Stronger materials could bloom with new images of plastic flow

Imagine dropping a tennis ball onto a bedroom mattress. The tennis ball will bend the mattress a bit, but not permanently — pick the ball back up, and the mattress returns to its original position and strength. Scientists call this an elastic state.

On the other hand, if you drop something heavy — like a refrigerator — the force pushes the mattress into what scientists call a plastic state. The plastic state, in this sense, is not the same as the plastic milk jug in your refrigerator, but rather a permanent rearrangement of the atomic structure of a material. When you remove the refrigerator, the mattress will be compressed and, well, uncomfortable, to say the least.

But a material’s elastic-plastic shift concerns more than mattress comfort. Understanding what happens to a material at the atomic level when it transitions from elastic to plastic under high pressures could allow scientists to design stronger materials for spacecraft and nuclear fusion experiments.

Up to now, scientists have struggled to capture clear images of a material’s transformation into plasticity, leaving them in the dark about what exactly tiny atoms are doing when they decide to leave their cozy elastic state and venture into the plastic world.

Now for the first time, scientists from the Department of Energy’s SLAC National Accelerator Laboratory have captured high-resolution images of a tiny aluminum single-crystal sample as it transitioned from elastic to plastic state. The images will allow scientists to predict how a material behaves as it undergoes plastic transformation within five trillionths of a second of the phenomena occurring. The team published their results today in Nature Communications.

A crystal’s last gasp

To capture images of the aluminum crystal sample, scientists needed to apply a force, and a refrigerator was obviously too large. So instead, they used a high-energy laser, which hammered the crystal hard enough to push it from elastic to plastic.

As the laser generated shockwaves that compressed the crystal, scientists sent a high-energy electron beam through it with SLAC’s speedy “electron camera,” or Megaelectronvolt Ultrafast Electron Diffraction (MeV-UED) instrument. This electron beam scattered off aluminum nuclei and electrons in the crystal, allowing scientists to precisely measure its atomic structure.

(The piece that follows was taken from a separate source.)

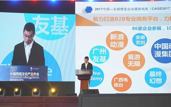 12月13日,中國(guó)—東盟博覽會(huì)秘書處在2017中國(guó)網(wǎng)絡(luò)文化產(chǎn)業(yè)年會(huì)游戲論壇上現(xiàn)場(chǎng)推介2018中國(guó)—東盟博覽會(huì)動(dòng)漫游戲展,中國(guó)動(dòng)漫集團(tuán)、武漢市委宣傳部、武漢市文化局、武漢數(shù)字創(chuàng)意與游戲產(chǎn)業(yè)協(xié)會(huì)和中國(guó)—東盟博覽會(huì)秘書處動(dòng)漫游戲展負(fù)責(zé)人出席了會(huì)議,網(wǎng)易游戲、騰訊公司、觸控科技、樂競(jìng)文化、愛奇藝、盛大游戲、蝸牛數(shù)字、亞聯(lián)資本、掌游科級(jí)等動(dòng)漫知名企業(yè)負(fù)責(zé)人到會(huì)交流。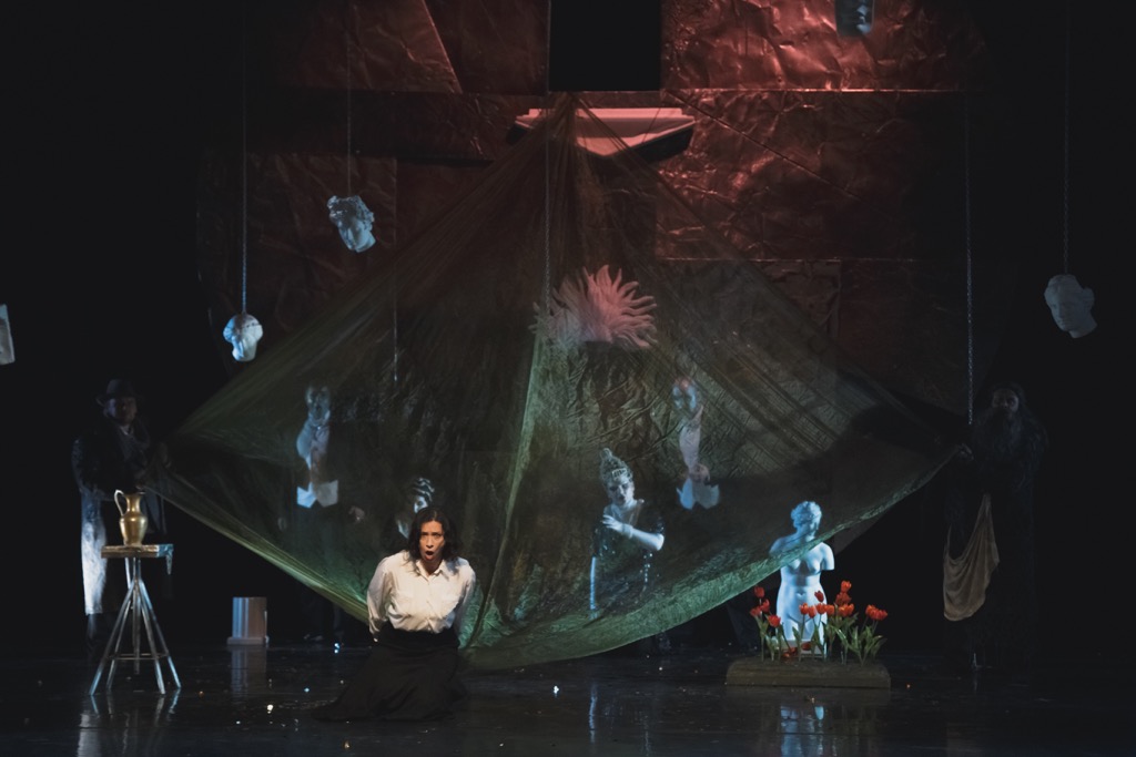 В финале этой сцены в дом Коллатина в отсутствие хозяина вторгается Тарквиний, которому по закону гостеприимства Лукреция предлагает ночлег: желание овладеть ею – для него давно уже словно наваждение! В воздухе отчетливо витает состояние саспенса, но мир Лукреции начнет рушиться во втором акте: круг жизни, захватывающий ее в сцене после антракта, буквально перевертывается вверх дном и начинает раскачиваться в такт с натиском Тарквиния так сильно, что точка возврата к прошлому исчезает навсегда. Вторая сцена этого акта (финальная в опере) – пронзительный монолог Лукреции с ярко красными цветами, которые она просит служанок отослать мужу как символ своей потерянной чистоты, но подавленные происшедшим, они страшатся исполнить ее просьбу. Символ суицида главной героини – падение с высоты круга жизни принадлежащего ей газового шарфа-накидки. Жизнь человека порушена и отнята, и к финальному апофеозу, с которого Тарквиний, понятно, давно уже сбегает, поспевают Коллатин и Юний: звучит страстная молитва, призыв к человечеству о смягчении несправедливого и жестокого общественного уклада. Спектакль всецело захватывает напряженной динамикой и драматизмом, и на сей раз это безусловный постановочный шедевр, большая удача режиссера и всего коллектива!

Scientists took multiple snapshots of the sample as the laser continued to compress it, and this string of images resulted in a sort of flip-book video — a stop-motion movie of the crystal’s dance into the plasticity.

More specifically, the high-resolution snapshots showed scientists when and how line defects appeared in the sample — the first sign that a material has been hit with a force too great to recover from.

Line defects are like broken strings on a tennis racket. For example, if you use your tennis racket to lightly hit a tennis ball, your racket’s strings will vibrate a bit, but return to their original position. However, if you hit a bowling ball with your racket, the strings will morph out of place, unable to bounce back. Similarly, as the high-energy laser struck the aluminum crystal sample, some rows of atoms in the crystal shifted out of place. Tracking these shifts — the line defects — using MeV-UED’s electron camera showed the crystal’s elastic-to-plastic journey.

Scientists now have high-resolution images of these line defects, revealing how fast defects grow and how they move once they appear, SLAC scientist Mianzhen Mo said.

“Understanding the dynamics of plastic deformation will allow scientists to add artificial defects to a material’s lattice structure,” Mo said. “These artificial defects can provide a protective barrier to keep materials from deforming at high pressures in extreme environments.”

UED’s moment to shine

Key to the experimenters’ rapid, clear images was MeV-UED’s high-energy electrons, which allowed the team to take sample images every half second.

“Most people are using relatively small electron energies in UED experiments, but we are using 100 times more energetic electrons in our experiment,” Xijie Wang, a distinguished scientist at SLAC, said. “At high energy, you get more particles in a shorter pulse, which provides 3-dimensional images of excellent quality and a more complete picture of the process.”

Researchers hope to apply their new understanding of plasticity to diverse scientific applications, such as strengthening materials that are used in high-temperature nuclear fusion experiments. A better understanding of material responses in extreme environments is urgently needed to predict their performance in a future fusion reactor, Siegfried Glenzer, the director for high energy density science, said.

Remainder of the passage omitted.